What is a conversation?

Consider what is a conversation (or at least a simple exchange) in the context of a conversational application.
You have a user, uttering phrases (referred to as utterances), that will be received by some sort of interface (text chat, voice, etc) and will hit an application that needs to respond by uttering its own phrases.
If you were to draw a picture to illustrate it, it might look a bit like this.
Basic conversation
In a conversation there are at least two participants, and they interact with each other by exchanging utterances.
Now, each utterance carries what we call a specific intent. The intent is the actual information that the user or the application needs to transmit across to the other side.
For example, when I utter the words "Hello, nice to meet you!" my intent is to greet the other participant. When the counterparts says something like "Nice to meet you too!" their intent is to respond to my greeting. If I said something like "Hi, how is it going?" and the other side replied with "Hi, how are you doing?" we are still transmitting the same intents even if the utterances that we used changed.
To model this we could update the Basic Conversation figure to something as follows.
Conversation participants exchanging intents through utterances
This gives us a somewhat more sophisticated understanding now.
In a conversation there are least two participants, and they interact with each other by exchanging intents. Each intent can be conveyed using a variety of utterances.

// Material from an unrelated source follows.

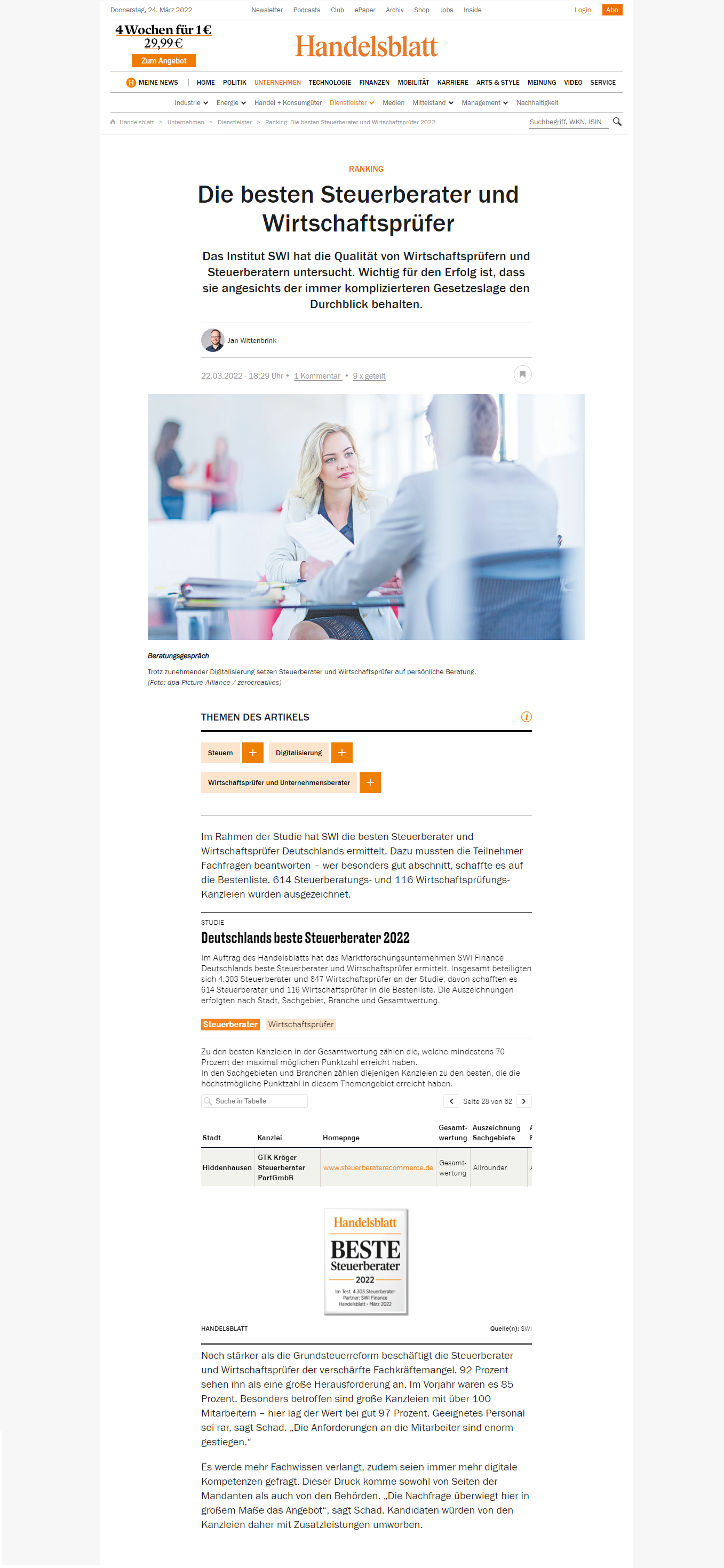 Das Handelsblatt hat GTK Kröger Steuerberater PartGmbB zu den Besten Steuerberatern 2022 gekürt.

The lifecycle of an exchange

Digging a bit deeper into this we can start trying to solve the question of how do we know what intent the user is attempting to convey through an utterance and how (as the application creators) do we decide what utterance to use to convey the application's intents.
To achieve this we need two things:
1. in order to understand what the user is saying we need an interpreter.
An interpreter is a component that enables us to interpret an utterance and map it to an intent.
2. in order to convey an application intent to the user we need a repository of messages that we can access that map intents to potential utterances (in other words the opposite of the process we use for the user).
A message repository maps an intent to a specific message that carries the appropriate utterance to the user.
Here is a high level view of the process in OpenDialog.
Handling a single exchange in OpenDialog
  • Step 1: The user utters a phrase - what we call the incoming utterance.
  • Step 2: The OpenDialog conversation engine passes that phrase to an appropriate interpreter (or interpreters) based on the instructions we've provided the engine.
  • Step 3: The interpreter will map that phrase to an intent (the incoming intent).
  • Step 4: We will use that intent to identify a suitable outgoing intent - i.e. the intent that the application wants to use to reply to the user.
  • Step 5: That outgoing intent will then be sent to a message repository where we will identify a suitable message to carry that intent (through an utterance) back to the user.
  • Step 6: The engine will format and package that message and send it back to the user.

High-level view of the OpenDialog Architecture

The process described above is only part of the story. Here we dive even deeper and look at how a request from the user and a response from the application flows through the entire OpenDialog architecture.
High-level view of the OpenDialog Architecture
The video below walks you through the request-response lifecycle in detail.

From a single exchange to multiple exchanges

All of this gives us a model and understanding of a single exchange.
Conversations, however, consist of multiple exchanges. Furthermore, conversations do not happen in a void or for no reason (mostly!). Exchanges always take place within a specific context. Understanding what that context is is crucial in helping us to interpret user utterances and identify suitable application responses. This brings us to the next part of the OpenDialog Model. Context.
OpenDialog is a context-first conversation model since every conversation takes place in a specific context and that context is crucial for understand the conversation.